## WHAT IS BEING ASKED
Starting with the first line below, extract each line through the one that contains "这里有七种风格的分享按钮样式", inclusive, excluding pictures.

## DATA BLOCK
---
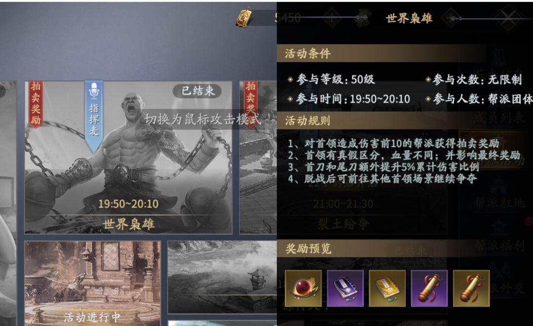 大家好,我是来自庆余年手游攻略团的小编-白菜,今天给大家讲解一下【世界枭雄】的玩法。 因为考虑到虽然已经开区快2个月了,好像还有很多人不知道枭雄怎么玩,这边简单的讲下机制玩法。(因为枭雄可以说是目前收益最高的一个帮派活动了) ①从奖励而言最重要的是公孙鸿,然后是雄霸天,因为只有这2个产出金色技能书和天山 ②5%机制特别重要在大多数区里,因为说实话现在每个区活跃的帮不是那么多,所以只要你摸5%的伤害奖励都不会低(因为拍卖奖励的底线是这个boss你帮派的输出得超过5%才有奖励) ③我大概讲下我们帮的打法(目前我们帮80人左右,第二帮50人左右,第三帮60人左右,第四帮20人左右。其中榜前三在第二帮,我们跟第三帮友帮,第二和第四友帮) 首先我们帮2个大团分兵公孙鸿9点、12点,派出2个小队(都是高战)去雄霸天的2个点摸5%,再安排一两个人去摸小怪的首刀5%。如果2帮进攻我们的哪个点,留下1个队伍守点,其他人集中支援被攻打的点,清完人立刻恢复到开始的布局位置,防止他们虚晃一枪。如果他们放弃公孙去打雄霸天,则不去支援,先把公孙打完,让他们最起码公孙的5%打不到(当然从利益角度其实打到55%就可以停手,但是我们的目的是为了让第二帮拿不到奖励,所以得打死,再去雄霸天支援)然后雄霸天安排了10个人必须是高战,这样能确保最起码5%的伤害他们是能摸到的,如果实力不行,可以安排双剑远程输出偷5%。指挥要做的事就是不停的跑,发坐标,公孙鸿打的差不多,我马上去阿里木看点,发坐标,等帮里人来阿里木了,立刻退出去慕容雪,以此类推,主要是摸5%伤害 切记!开局不要考虑后面的小boss,重心全放在公孙鸿和雄霸天,其他boss奖励真的没多大用,这2个boss无论如何摸5%,那你奖励绝对不会差到哪儿去,哪怕总体的伤害不高 以上就是九处密探-白菜 为大家带来的【世界枭雄】攻略,祝大家顺利闯荡江湖! 庆余年手游,一个有故事的江湖。 本文由【庆余年手游攻略团】提供。 攻略团长期招募九处密探,天脉者可以发布攻略作品到官方邮箱2240472512@qq.com,并留下联系QQ,有机会被小九(QQ号2240472512,谨防诈骗)邀请加入密探小群哦!攻略团福利多多
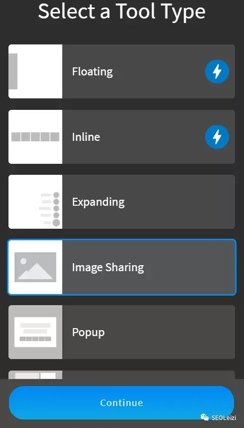 这里有七种风格的分享按钮样式,你可以点击它们然后在右侧查看效果,选择好你想要的样式后,点击下方的“Continue”。
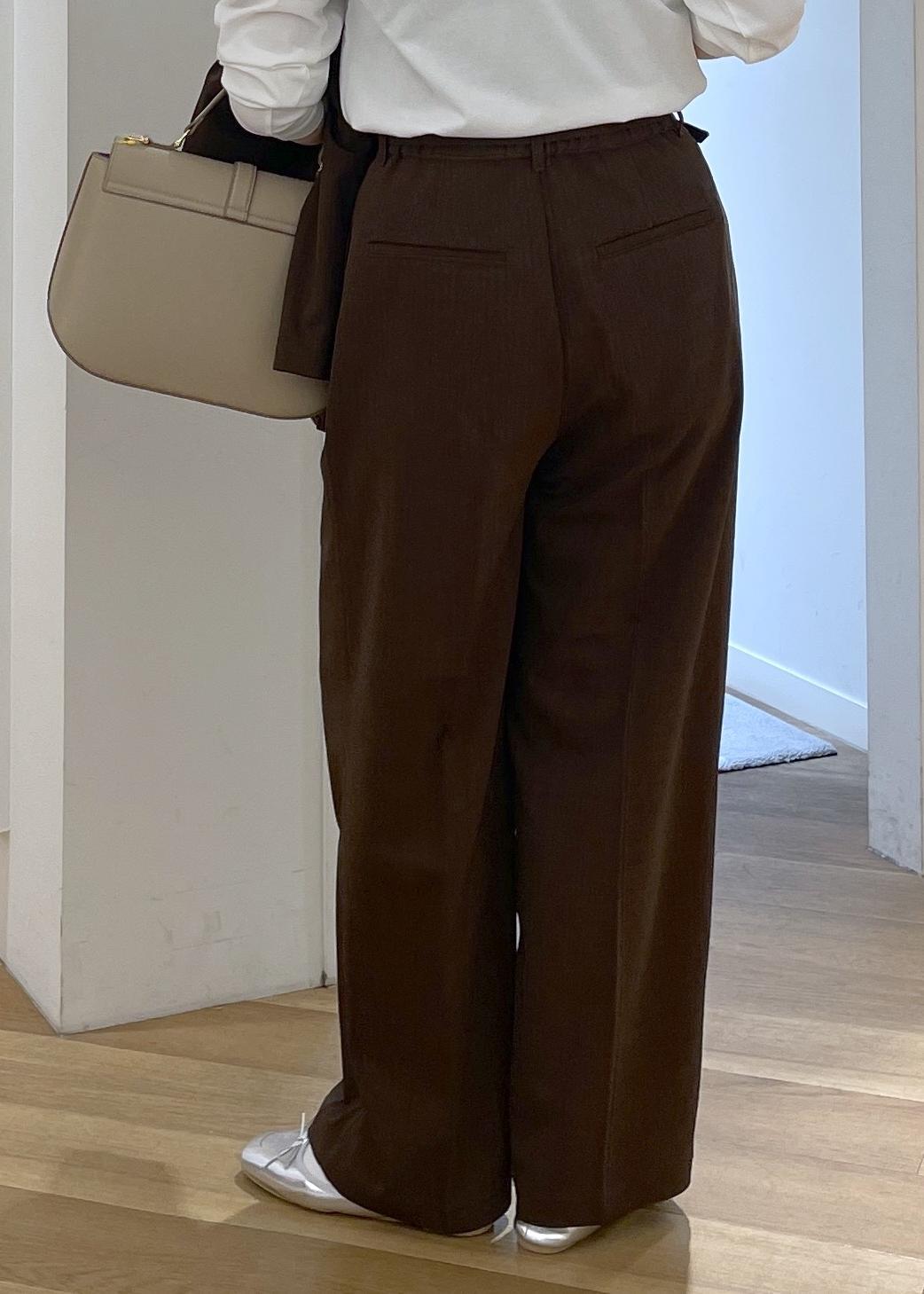 少しシャリ感のある薄めの生地で夏までの長い期間でお召し頂けるパンツです。ワイドシルエットなので、脚のラインは拾わず透け感も気にならなかったです。ウエストはトップスインできるゆとりがあります。着丈は160cm、Mサイズ着用でフラットシューズでも擦らない長さでした。
---
## THE ANSWER
 大家好,我是来自庆余年手游攻略团的小编-白菜,今天给大家讲解一下【世界枭雄】的玩法。 因为考虑到虽然已经开区快2个月了,好像还有很多人不知道枭雄怎么玩,这边简单的讲下机制玩法。(因为枭雄可以说是目前收益最高的一个帮派活动了) ①从奖励而言最重要的是公孙鸿,然后是雄霸天,因为只有这2个产出金色技能书和天山 ②5%机制特别重要在大多数区里,因为说实话现在每个区活跃的帮不是那么多,所以只要你摸5%的伤害奖励都不会低(因为拍卖奖励的底线是这个boss你帮派的输出得超过5%才有奖励) ③我大概讲下我们帮的打法(目前我们帮80人左右,第二帮50人左右,第三帮60人左右,第四帮20人左右。其中榜前三在第二帮,我们跟第三帮友帮,第二和第四友帮) 首先我们帮2个大团分兵公孙鸿9点、12点,派出2个小队(都是高战)去雄霸天的2个点摸5%,再安排一两个人去摸小怪的首刀5%。如果2帮进攻我们的哪个点,留下1个队伍守点,其他人集中支援被攻打的点,清完人立刻恢复到开始的布局位置,防止他们虚晃一枪。如果他们放弃公孙去打雄霸天,则不去支援,先把公孙打完,让他们最起码公孙的5%打不到(当然从利益角度其实打到55%就可以停手,但是我们的目的是为了让第二帮拿不到奖励,所以得打死,再去雄霸天支援)然后雄霸天安排了10个人必须是高战,这样能确保最起码5%的伤害他们是能摸到的,如果实力不行,可以安排双剑远程输出偷5%。指挥要做的事就是不停的跑,发坐标,公孙鸿打的差不多,我马上去阿里木看点,发坐标,等帮里人来阿里木了,立刻退出去慕容雪,以此类推,主要是摸5%伤害 切记!开局不要考虑后面的小boss,重心全放在公孙鸿和雄霸天,其他boss奖励真的没多大用,这2个boss无论如何摸5%,那你奖励绝对不会差到哪儿去,哪怕总体的伤害不高 以上就是九处密探-白菜 为大家带来的【世界枭雄】攻略,祝大家顺利闯荡江湖! 庆余年手游,一个有故事的江湖。 本文由【庆余年手游攻略团】提供。 攻略团长期招募九处密探,天脉者可以发布攻略作品到官方邮箱2240472512@qq.com,并留下联系QQ,有机会被小九(QQ号2240472512,谨防诈骗)邀请加入密探小群哦!攻略团福利多多
 这里有七种风格的分享按钮样式,你可以点击它们然后在右侧查看效果,选择好你想要的样式后,点击下方的“Continue”。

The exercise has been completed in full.